**WHAT IS NEEDED:** Write out the full listing exactly as given, minus the images.

**GIVEN DATA:**
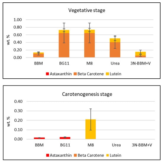 Detailed analysis of the carotenoids formed in these experiments was performed using HPLC (see Figure S3 for a representative chromatogram). HPLC carotenoid standards selected for the analysis were astaxanthin, β-carotene and lutein, as they currently hold the highest market value [1]. As shown in Figure 6, the total amount of these three carotenoids produced in the vegetative phase of the initial media screening experiments (Section 2.2) was observed to be highest in the groups cultured in BG-11 and M-8 media, broadly following the trend established for total carotenoids by spectrophotometry (Figure 3). Total carotenoids produced in the subsequent carotenogenesis stage of the media screening were much lower overall, with the highest observed being produced in the M-8 medium. Previous studies [26] have shown that primary carotenoids, such as lutein, degrade under stress conditions and therefore their concentration is decreased.
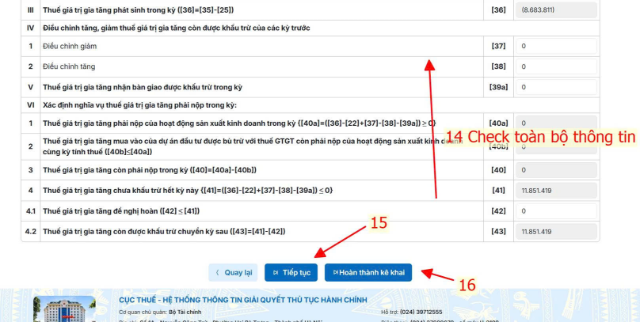 - Kiểm tra thông tin, nhấn Tiếp tục và Hoàn thành kê khai
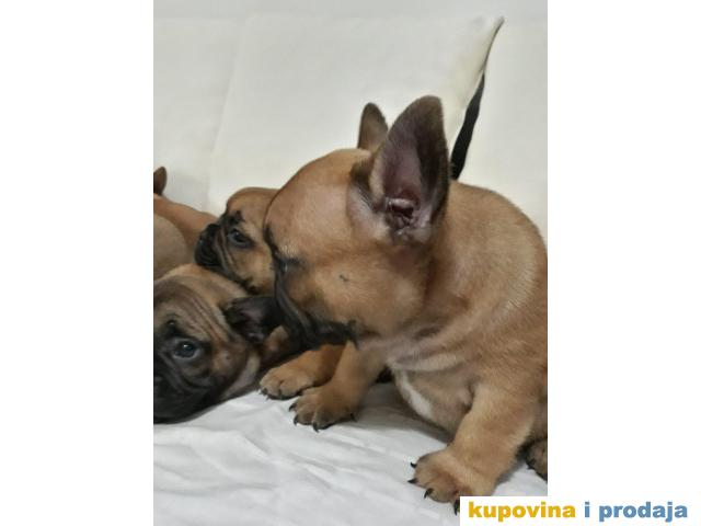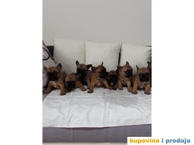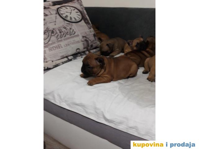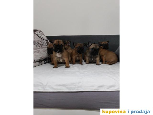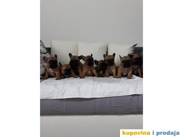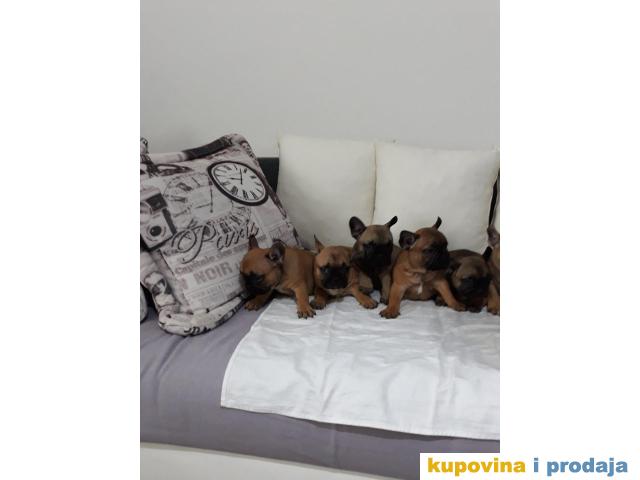 Na prodaju štenci francuskog buldoga stari 5 nedelja.Uponudi 4 mužijaka i 4 ženkice .Stenci su redovno čišćeni od parazita. U toku su rezervacije a mogućnost preuzimanja tek posle 7 nedelje starosti.

**SOLUTION TO THE EXERCISE:**
 Detailed analysis of the carotenoids formed in these experiments was performed using HPLC (see Figure S3 for a representative chromatogram). HPLC carotenoid standards selected for the analysis were astaxanthin, β-carotene and lutein, as they currently hold the highest market value [1]. As shown in Figure 6, the total amount of these three carotenoids produced in the vegetative phase of the initial media screening experiments (Section 2.2) was observed to be highest in the groups cultured in BG-11 and M-8 media, broadly following the trend established for total carotenoids by spectrophotometry (Figure 3). Total carotenoids produced in the subsequent carotenogenesis stage of the media screening were much lower overall, with the highest observed being produced in the M-8 medium. Previous studies [26] have shown that primary carotenoids, such as lutein, degrade under stress conditions and therefore their concentration is decreased.
 - Kiểm tra thông tin, nhấn Tiếp tục và Hoàn thành kê khai
 Na prodaju štenci francuskog buldoga stari 5 nedelja.Uponudi 4 mužijaka i 4 ženkice .Stenci su redovno čišćeni od parazita. U toku su rezervacije a mogućnost preuzimanja tek posle 7 nedelje starosti.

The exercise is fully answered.